(Supplied material Opens)

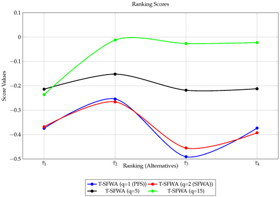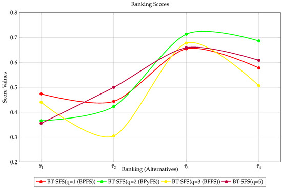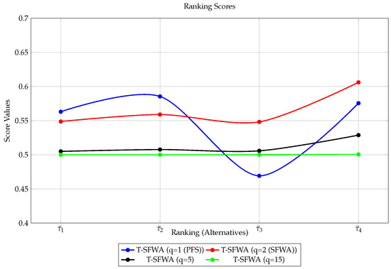 Mahmood et al. [9] extended SFSs to T-spherical FSs (T-SFSs), where , for some integer . Such an arrangement affords the decision-makers flexibility in assigning any MD, NMD, or ¬MD value inside . For instance, if we take , and MD , NMD , and ¬MD , we obtain . Ullah et al. [11] introduced and defined the term ’correlation coefficients of T-SFS’, where levels of membership degrees of the terms should meet the constraints, i.e., . This assumes homogeneity in the levels of MD, NMD, and ¬MD. In actual scenarios, these levels might differ. So, if a decision-maker sets MD , NMD , and ¬MD , for instance, we see that implies this violate linearly aggregation rule. So, a more nuanced approach is needed. Enabling different term levels for MD, NMD, and ¬MD makes it possible to reflect the multi-factorial reality.
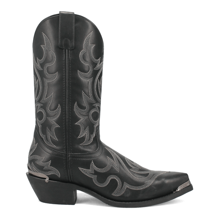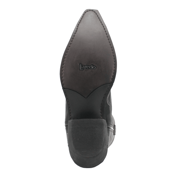 Edgy and ready-made for road or rodeo life, the all-leather Jameson boot from Laredo is tough and hardy. Along with its heel and toe rands, the Jameson asserts dominance with layered stitching, a snip toe, cowboy heel and cushion comfort insole.
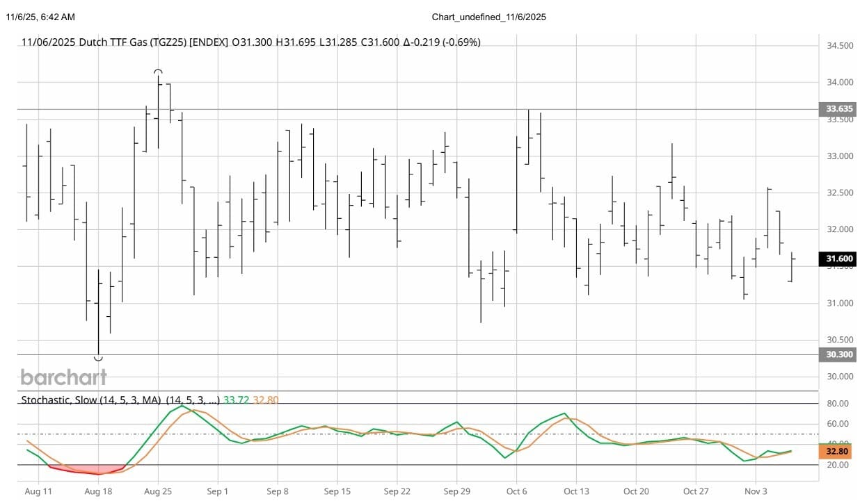 TTF European gas futures are slightly lower with market commentary citing strong LNG imports. "The market shrugged off concerns that lower-than-expected wind power generation would boost demand for natural gas, instead focusing on the rising availability of supply," ANZ analysts say. The latest positioning data shows that investment funds cut their net long in TTF by 24.8TWh over the last week to 21.4TWh, the smallest net long held since March 2024. In fact, the investment fund gross short stands at a record high of a little more than 393TWh, despite the European balance remaining vulnerable in the 2025/26 winter, with storage 83% full vs. a five-year average of 92%. "The large gross short does leave some positioning risk in the market, particularly if there are any surprises through the heating season," ING analysts say. (WSJ) Here, as in the JKM market, the TTF futures have a mostly sideways pattern to price action seen over the past 3 months.
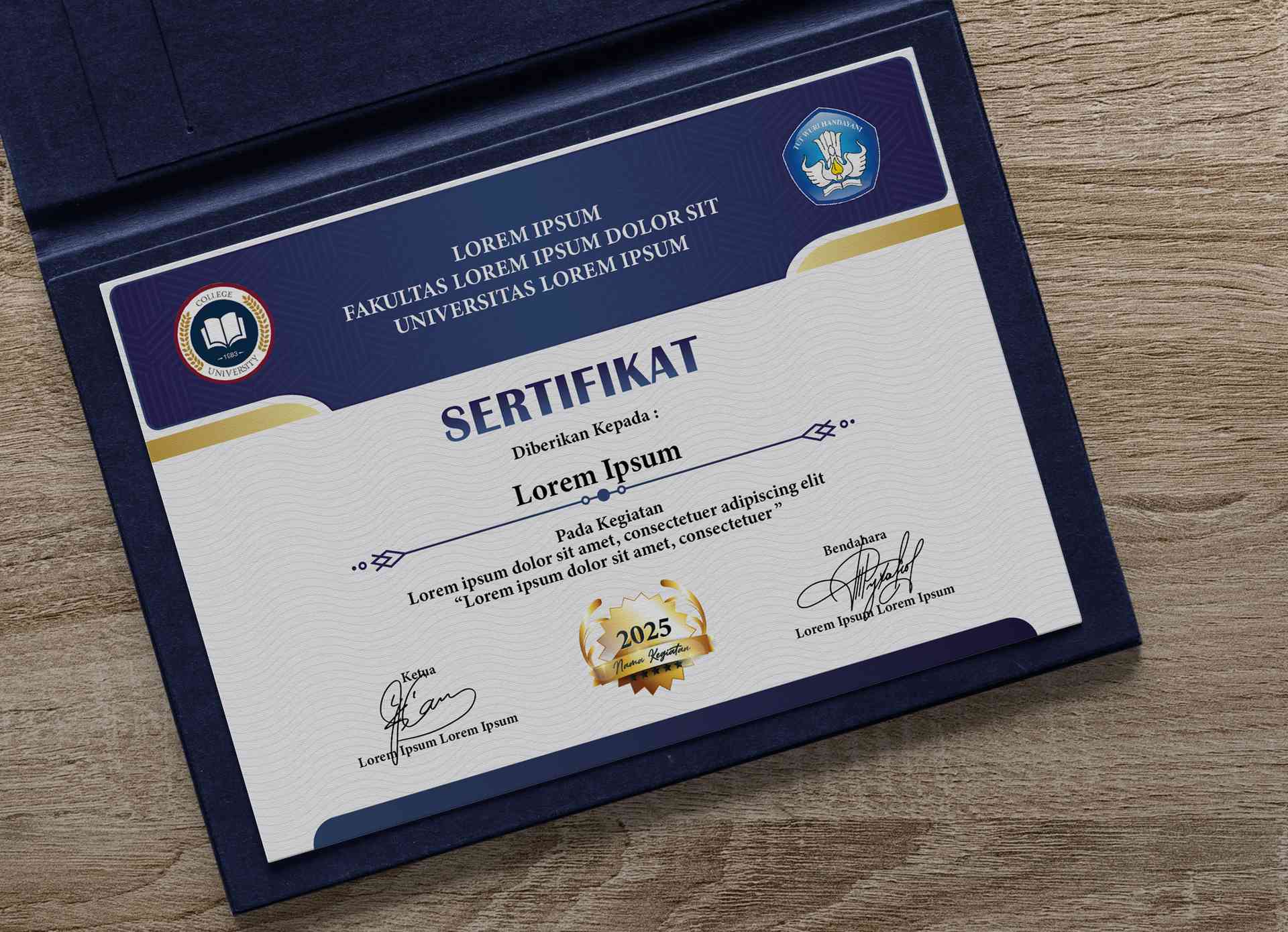 Sertifikat ini menampilkan desain yang elegan dan eksklusif dengan dominasi warna merah marun, putih, dan sentuhan emas yang memperkuat kesan prestisi...
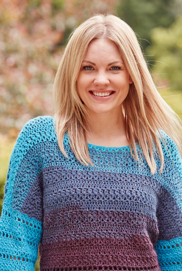 Wunderschöner, kurzer Häkelpulli mit ausgestelltem Saum. Genau das Richtige, um sich zu verwöhnen! Der außergewöhnliche Farbverlauf von diesem Garn reicht von Weinrot über Lila bis hin zu Türkis. Die langen Ärmel, schlicht unifarbenen in Türkis, setzen Vorder- und Rückenteil in Szene. Das Muster, eine Kombination aus festen Maschen, Stäbchen und Büschelmaschen, erscheint in leichter Transparenz. So kann dem Pulli durch die Farbe des darunter Getragenem immer ein anderes Erscheinungsbild gegeben werden. Der runde Ausschnitt wird dezent mit festen Maschen in Türkis umhäkelt. Das Farbverlaufsgarn kommt von Garnmanufaktur und wird mit Nadelstärke Nr 5 verarbeitet. Die Anleitung gilt für die Größen 38, 40, 42 und 44.
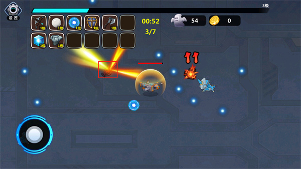 3、游戏中飞船会自动进行攻击,击败怪物会掉落经验;
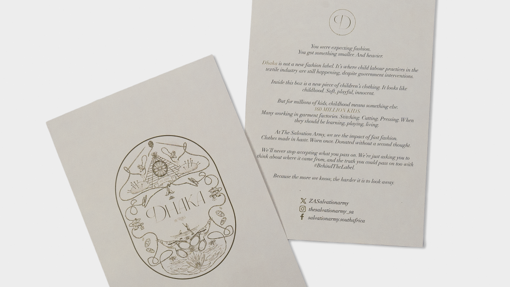 In a provocative new campaign developed in partnership with The Salvation Army, the language of luxury fashion has been turned inside out to expose the exploitation it so often conceals. The campaign, titled #BehindTheLabel, confronts the public with one devastating truth: 160 million children are trapped in child labour globally, many of them working in the fast fashion supply chain.
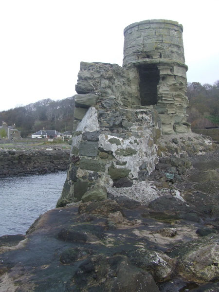 Notes: A coal fire in this lighthouse was lit only when incoming vessels were expected. A seaward opening at the level of the brazier was blocked by a door, which was opened only when the lights of incoming boats were seen. The wall next to the tower prevented the fire being seen from vessels too far to the north; when the light came into view the boat had cleared the dangers off the harbor mouth. Description of Tower: Conical sandstone tower.

(Supplied material Closes)

* **Exercise directions**: Transcribe the records above exactly, without images.

* **Result of this exercise**:
 Mahmood et al. [9] extended SFSs to T-spherical FSs (T-SFSs), where , for some integer . Such an arrangement affords the decision-makers flexibility in assigning any MD, NMD, or ¬MD value inside . For instance, if we take , and MD , NMD , and ¬MD , we obtain . Ullah et al. [11] introduced and defined the term ’correlation coefficients of T-SFS’, where levels of membership degrees of the terms should meet the constraints, i.e., . This assumes homogeneity in the levels of MD, NMD, and ¬MD. In actual scenarios, these levels might differ. So, if a decision-maker sets MD , NMD , and ¬MD , for instance, we see that implies this violate linearly aggregation rule. So, a more nuanced approach is needed. Enabling different term levels for MD, NMD, and ¬MD makes it possible to reflect the multi-factorial reality.
 Edgy and ready-made for road or rodeo life, the all-leather Jameson boot from Laredo is tough and hardy. Along with its heel and toe rands, the Jameson asserts dominance with layered stitching, a snip toe, cowboy heel and cushion comfort insole.
 TTF European gas futures are slightly lower with market commentary citing strong LNG imports. "The market shrugged off concerns that lower-than-expected wind power generation would boost demand for natural gas, instead focusing on the rising availability of supply," ANZ analysts say. The latest positioning data shows that investment funds cut their net long in TTF by 24.8TWh over the last week to 21.4TWh, the smallest net long held since March 2024. In fact, the investment fund gross short stands at a record high of a little more than 393TWh, despite the European balance remaining vulnerable in the 2025/26 winter, with storage 83% full vs. a five-year average of 92%. "The large gross short does leave some positioning risk in the market, particularly if there are any surprises through the heating season," ING analysts say. (WSJ) Here, as in the JKM market, the TTF futures have a mostly sideways pattern to price action seen over the past 3 months.
 Sertifikat ini menampilkan desain yang elegan dan eksklusif dengan dominasi warna merah marun, putih, dan sentuhan emas yang memperkuat kesan prestisi...
 Wunderschöner, kurzer Häkelpulli mit ausgestelltem Saum. Genau das Richtige, um sich zu verwöhnen! Der außergewöhnliche Farbverlauf von diesem Garn reicht von Weinrot über Lila bis hin zu Türkis. Die langen Ärmel, schlicht unifarbenen in Türkis, setzen Vorder- und Rückenteil in Szene. Das Muster, eine Kombination aus festen Maschen, Stäbchen und Büschelmaschen, erscheint in leichter Transparenz. So kann dem Pulli durch die Farbe des darunter Getragenem immer ein anderes Erscheinungsbild gegeben werden. Der runde Ausschnitt wird dezent mit festen Maschen in Türkis umhäkelt. Das Farbverlaufsgarn kommt von Garnmanufaktur und wird mit Nadelstärke Nr 5 verarbeitet. Die Anleitung gilt für die Größen 38, 40, 42 und 44.
 3、游戏中飞船会自动进行攻击,击败怪物会掉落经验;
 In a provocative new campaign developed in partnership with The Salvation Army, the language of luxury fashion has been turned inside out to expose the exploitation it so often conceals. The campaign, titled #BehindTheLabel, confronts the public with one devastating truth: 160 million children are trapped in child labour globally, many of them working in the fast fashion supply chain.
 Notes: A coal fire in this lighthouse was lit only when incoming vessels were expected. A seaward opening at the level of the brazier was blocked by a door, which was opened only when the lights of incoming boats were seen. The wall next to the tower prevented the fire being seen from vessels too far to the north; when the light came into view the boat had cleared the dangers off the harbor mouth. Description of Tower: Conical sandstone tower.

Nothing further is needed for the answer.